Extraordinary people

This bike ride was missing the chatter and laughter and music of other rides. We rode single file, thirty strong, our leader pulling a trailer built by his father and bearing his father’s bicycle and his father’s ashes.

Our friend Gary died last week, and I think he’d approve of the way we marked the occasion.

At the end, there were pints lifted, memories shared, and a table bearing photos, mementos, and things our friend had made with his very capable hands. Solemn and sad, yes, but not at all depressing.

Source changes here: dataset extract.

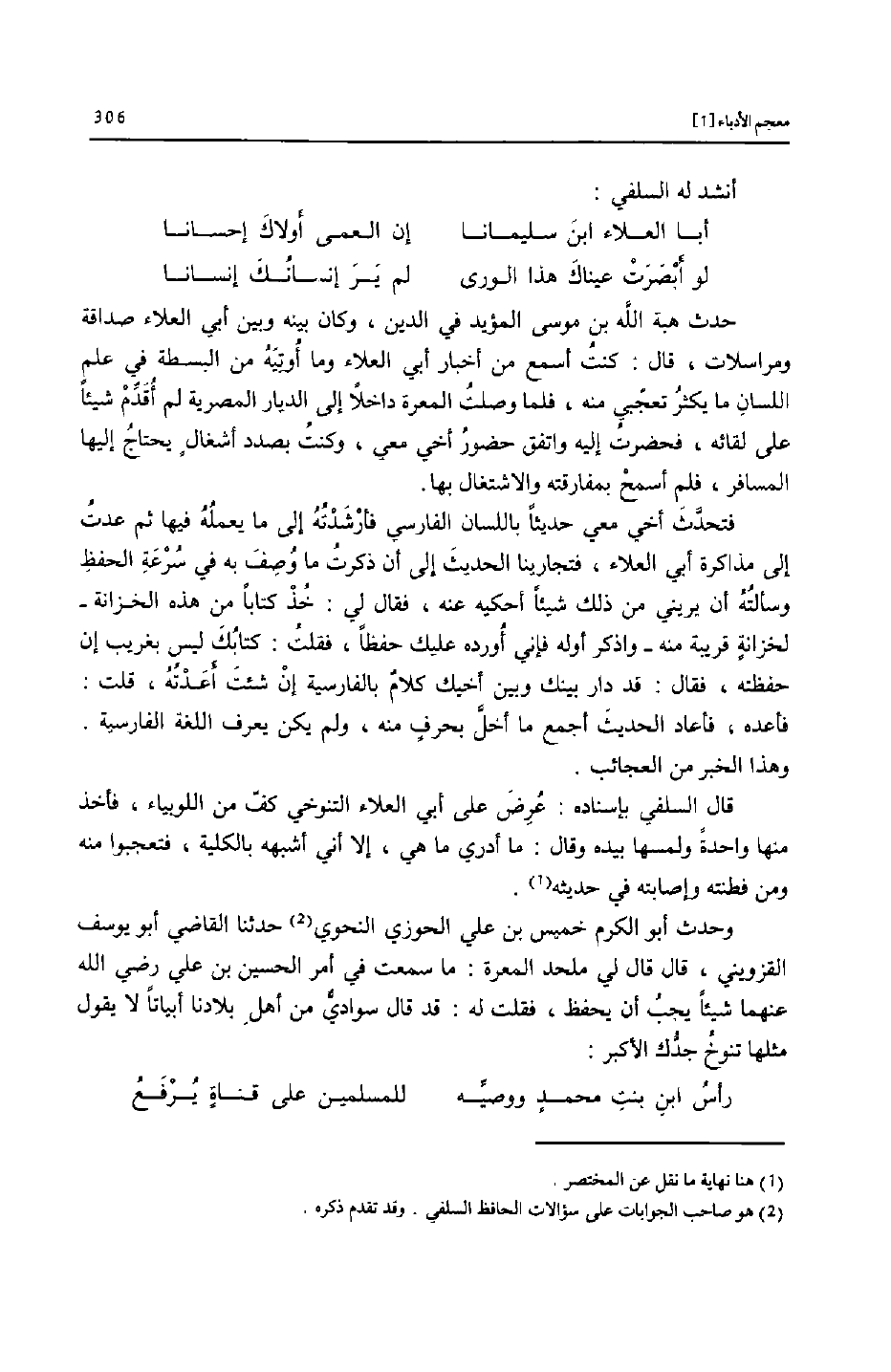 [2] هو صاحب الجوابات على سؤالات الحافظ السلفي. وقد تقدم ذكره.

I knew Gary in one very specific realm, as a fellow bike corral volunteer. He was one of those cyclists who could both intimidate and inspire–sixty miles in the saddle was just another casual ride into and around town for him. But he wasn’t arrogant about his skill or defensive about who should and shouldn’t be on a bike. Gary wanted to see everyone ride everywhere–as long as they wore a helmet. He was simultaneously gentle and unyielding, and I wish we’d had one more conversation, one more ride, one more pint before he died.

What I enjoyed most about yesterday’s memorial was seeing the other parts of Gary the person. I’d known only Gary the cyclist and volunteer, but his life was story upon story. His son told me about his art and the piece of land he’d cultivated. Another friend told me about his love of boats and the open ocean, and how he moved away from that–to Iowa–for the woman he loved and the children they would soon have. Another son’s ashes shared the table, a son who died years before I’d ever met Gary.

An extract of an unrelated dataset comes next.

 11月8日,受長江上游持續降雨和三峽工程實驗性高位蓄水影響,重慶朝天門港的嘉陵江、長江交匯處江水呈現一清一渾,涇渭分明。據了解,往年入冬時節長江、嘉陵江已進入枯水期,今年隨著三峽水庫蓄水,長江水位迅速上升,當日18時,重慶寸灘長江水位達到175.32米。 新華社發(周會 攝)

There’s so much richness in any life–something we seem to forget until that life is over.

There are extraordinary people in the world who are also–rightly–famous. We become entranced by their lives, by their talents and skills and accomplishments. And I think we tend to conflate their extraordinary qualities with their fame, when the two really aren’t the same thing.

There are far more extraordinary people in the world who will never be famous. They will live and die known only to their little circle of friends and family. They will ultimately–five years or five hundred years from now–be forgotten. And that’s okay. The legacy isn’t the point. The point is now, how you spend your time in this existence, how you touch and are touched by others.

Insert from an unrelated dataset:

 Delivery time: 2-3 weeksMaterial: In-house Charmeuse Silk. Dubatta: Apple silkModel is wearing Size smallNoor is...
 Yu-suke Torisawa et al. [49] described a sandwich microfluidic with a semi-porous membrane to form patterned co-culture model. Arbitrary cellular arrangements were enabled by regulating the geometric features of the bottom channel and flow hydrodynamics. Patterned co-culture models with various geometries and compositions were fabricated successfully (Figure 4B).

Don’t forget your friends, your family while they are still with you. The forgetting is for later; now is for appreciating the extraordinary.

My mother raised three children in a house with no plumbing, feeding us good food grown with her own hands. I have no memory of stress or sadness, a thing many people can’t say about their childhoods. And now she’s at it again, building a new home and plotting a new garden with her own two very capable hands.

My youngest brother has traveled the world in uniform, finally landing in the deserts of the Middle East. He endured trials I still don’t understand, and came back to us in more ways than one. He has a working man’s hands now, and comfortably carries both gun and hammer.

My oldest brother traveled in a different kind of uniform, if t-shirts and sandals can be called that. He’s been down rivers and up mountains and gone wherever the music is. I’m told he has my father’s same charisma, drawing people to him for reasons even they couldn’t describe.

My aunt has been my backup guardian since I was a child, a presence who lived far away but didn’t feel distant. She’s navigated complex waters on her journey, and had to learn things some of us never do: persistence, determination, self-advocacy.

My Man Friend has been on some of the most hilariously tragic road trips ever to be taken, and his stories communicate a rich devotion to friends; a fierce, problem-solving mind; and a wry, intelligent humor. An atheist among evangelicals, a lover of two-wheeled transport on four-wheeled roads, contrary for sport. He argues with relish–not to mention an unmerciful and crystalline-precise logic. Our conversations are extraordinary.

And that’s just in my innermost circle. There are others, legions of them, who have touched my life over all its decades. They’ve all had something extraordinary to teach or share or demonstrate just by being. And what Gary’s memorial reminded me is to remember that now, to see it now. Because there will never be a better time.